Records to process
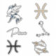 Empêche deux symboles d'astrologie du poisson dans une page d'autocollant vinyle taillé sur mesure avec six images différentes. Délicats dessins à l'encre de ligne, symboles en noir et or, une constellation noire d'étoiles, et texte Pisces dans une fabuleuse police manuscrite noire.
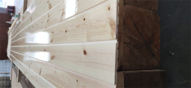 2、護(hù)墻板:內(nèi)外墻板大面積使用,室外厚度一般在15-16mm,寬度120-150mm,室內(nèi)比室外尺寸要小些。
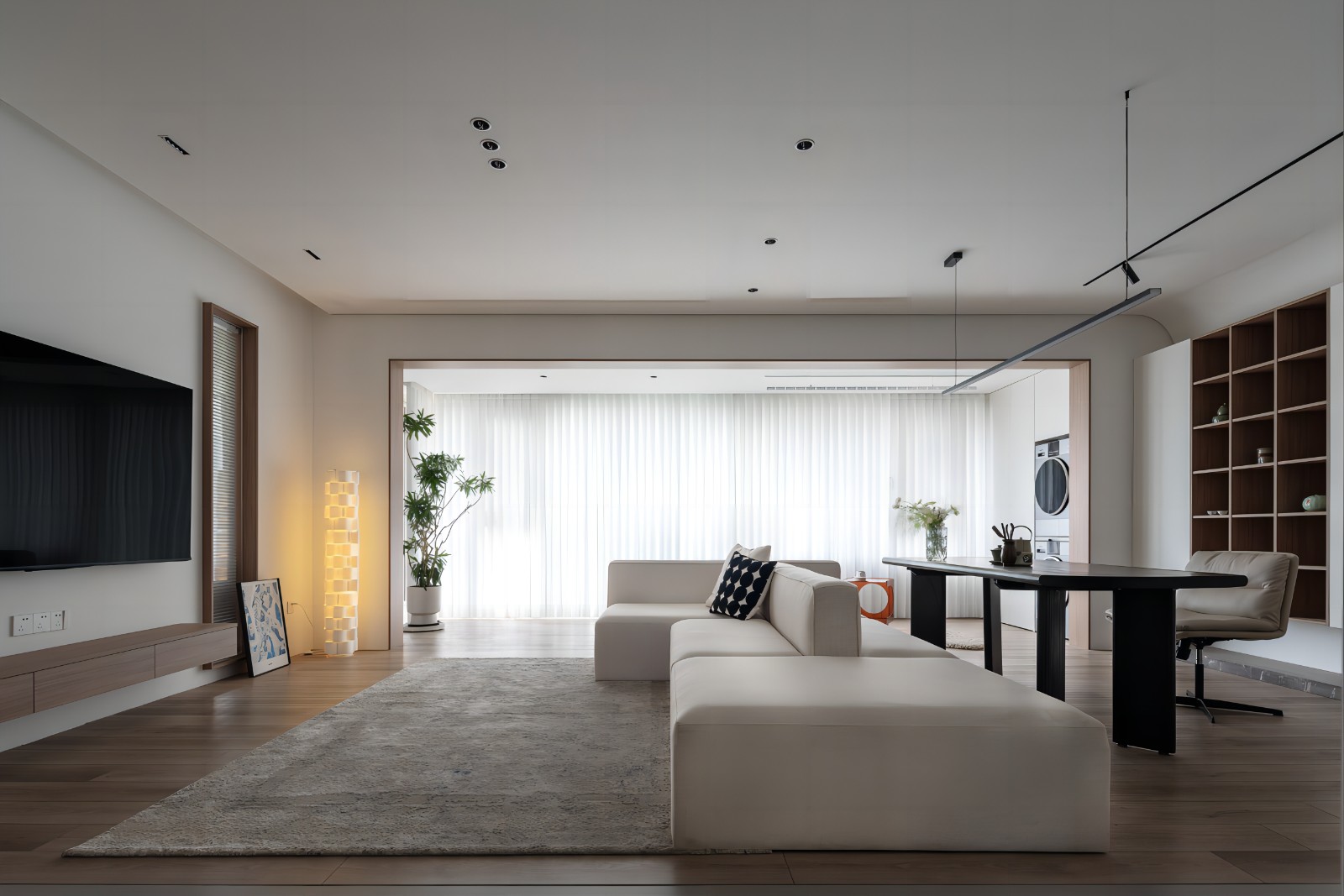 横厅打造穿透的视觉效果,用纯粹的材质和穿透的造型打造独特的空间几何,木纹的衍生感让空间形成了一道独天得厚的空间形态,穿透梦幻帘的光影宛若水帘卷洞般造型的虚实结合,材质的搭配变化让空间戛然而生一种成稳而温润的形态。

--

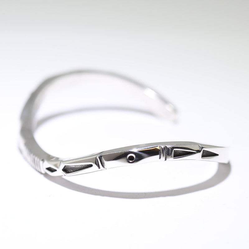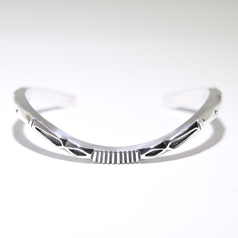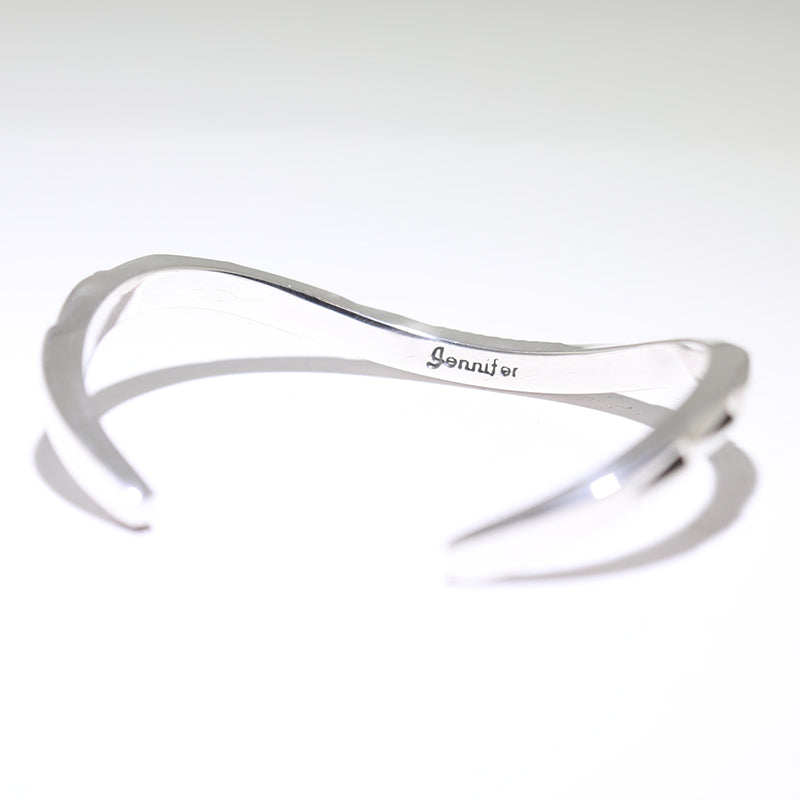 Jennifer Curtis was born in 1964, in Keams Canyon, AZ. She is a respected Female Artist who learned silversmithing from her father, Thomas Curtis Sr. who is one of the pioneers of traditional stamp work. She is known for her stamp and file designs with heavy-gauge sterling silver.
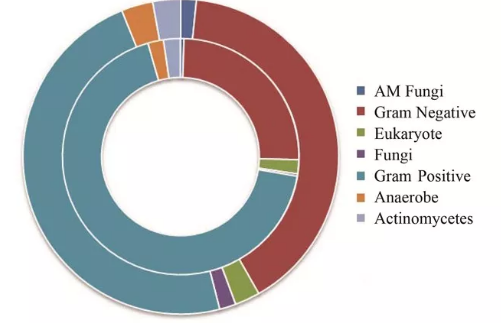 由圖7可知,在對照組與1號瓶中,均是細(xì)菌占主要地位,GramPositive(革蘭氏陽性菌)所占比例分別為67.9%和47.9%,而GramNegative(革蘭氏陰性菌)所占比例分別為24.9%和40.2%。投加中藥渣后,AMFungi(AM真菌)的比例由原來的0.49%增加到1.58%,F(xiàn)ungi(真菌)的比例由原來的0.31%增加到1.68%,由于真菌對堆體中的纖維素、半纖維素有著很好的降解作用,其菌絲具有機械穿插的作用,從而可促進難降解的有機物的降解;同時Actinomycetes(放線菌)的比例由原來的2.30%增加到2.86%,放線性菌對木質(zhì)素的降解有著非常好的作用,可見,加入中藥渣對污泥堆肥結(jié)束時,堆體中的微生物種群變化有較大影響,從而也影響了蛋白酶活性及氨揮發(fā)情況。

==

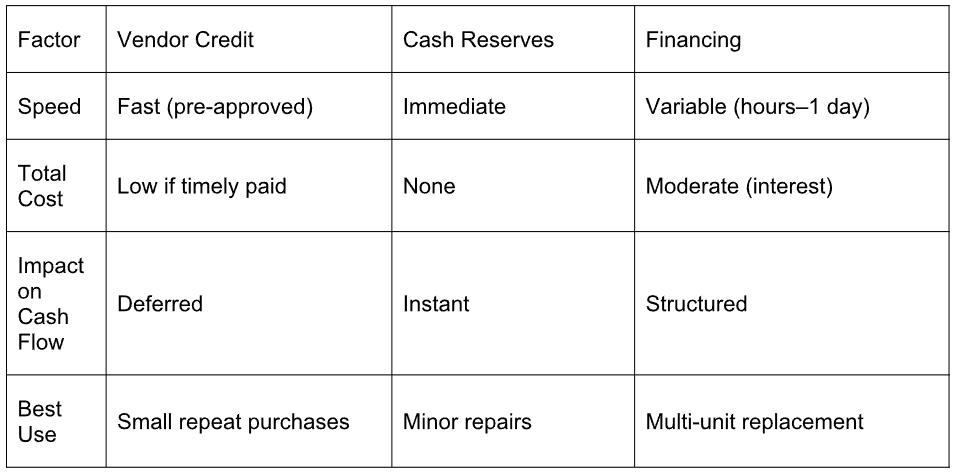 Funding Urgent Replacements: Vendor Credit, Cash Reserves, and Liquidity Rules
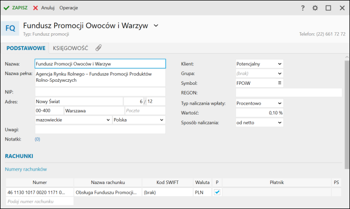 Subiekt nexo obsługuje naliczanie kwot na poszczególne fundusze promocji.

Problem statement
In the entries above, find the line with "2、護(hù)墻板:內(nè" and the line with "横厅打造穿透的视觉效果,用纯". Write out exactly those two lines and every line between them, pictures excluded.

Response area
 2、護(hù)墻板:內(nèi)外墻板大面積使用,室外厚度一般在15-16mm,寬度120-150mm,室內(nèi)比室外尺寸要小些。
 横厅打造穿透的视觉效果,用纯粹的材质和穿透的造型打造独特的空间几何,木纹的衍生感让空间形成了一道独天得厚的空间形态,穿透梦幻帘的光影宛若水帘卷洞般造型的虚实结合,材质的搭配变化让空间戛然而生一种成稳而温润的形态。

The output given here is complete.